Apart from the pictures, the listing is to be returned exactly.

--- PROVIDED DATA ---
======

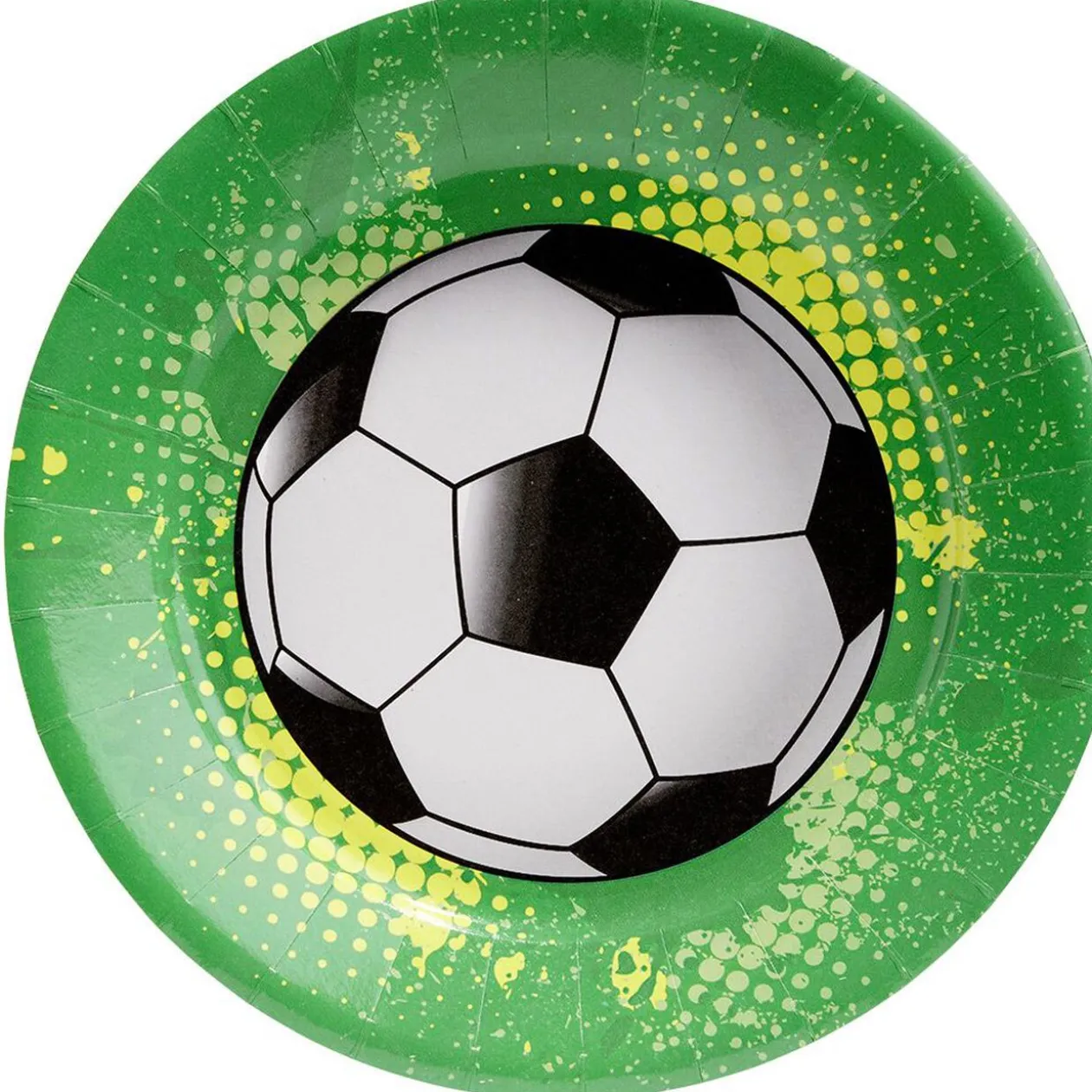 Lot de 10 assiettes en carton imprimé sur le thème de la Coupe du Monde de Football. Idéal pour décorer vos soirées de match!
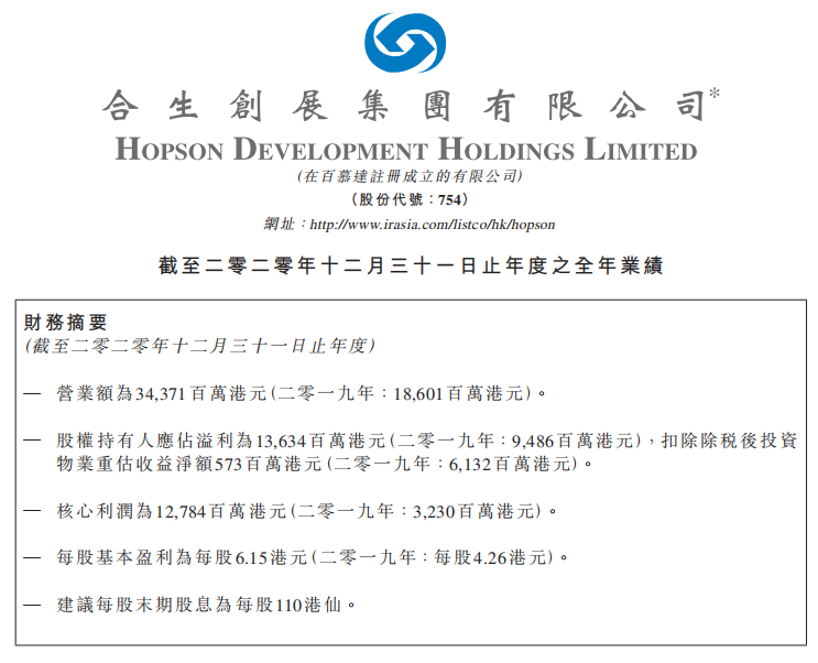 3月24日,合生創展集團有限公司發布2020年度業績公告。公告數據顯示,截至2020年12月31日,合生集團實現營業額人民幣298.59億,同比增長81.2%。
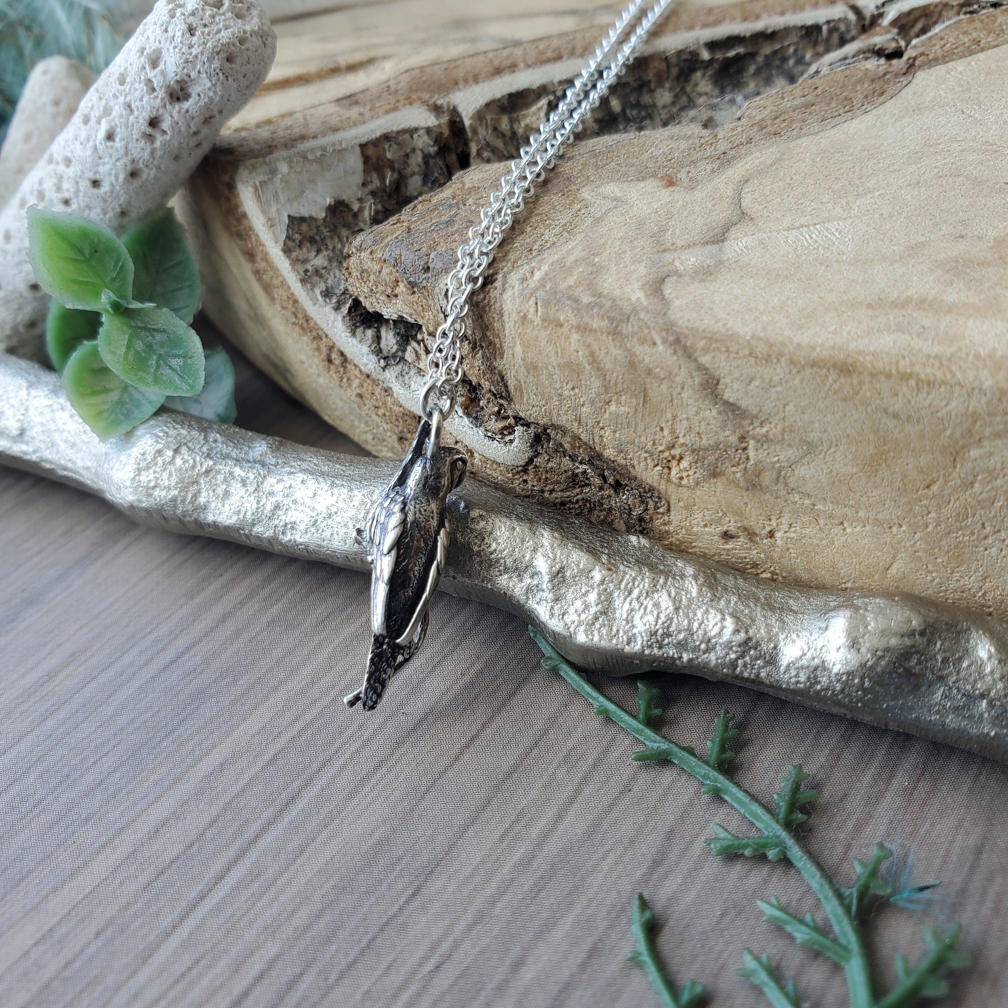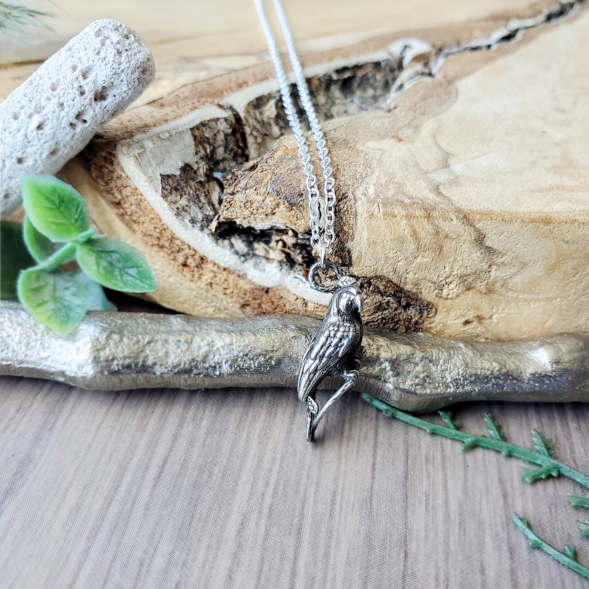 A sterling silver 23x8mm 3D Parrot on a Branch hung on a sterling silver chain.

======

--- SOLUTION TO THE PROBLEM ---
 Lot de 10 assiettes en carton imprimé sur le thème de la Coupe du Monde de Football. Idéal pour décorer vos soirées de match!
 3月24日,合生創展集團有限公司發布2020年度業績公告。公告數據顯示,截至2020年12月31日,合生集團實現營業額人民幣298.59億,同比增長81.2%。
 A sterling silver 23x8mm 3D Parrot on a Branch hung on a sterling silver chain.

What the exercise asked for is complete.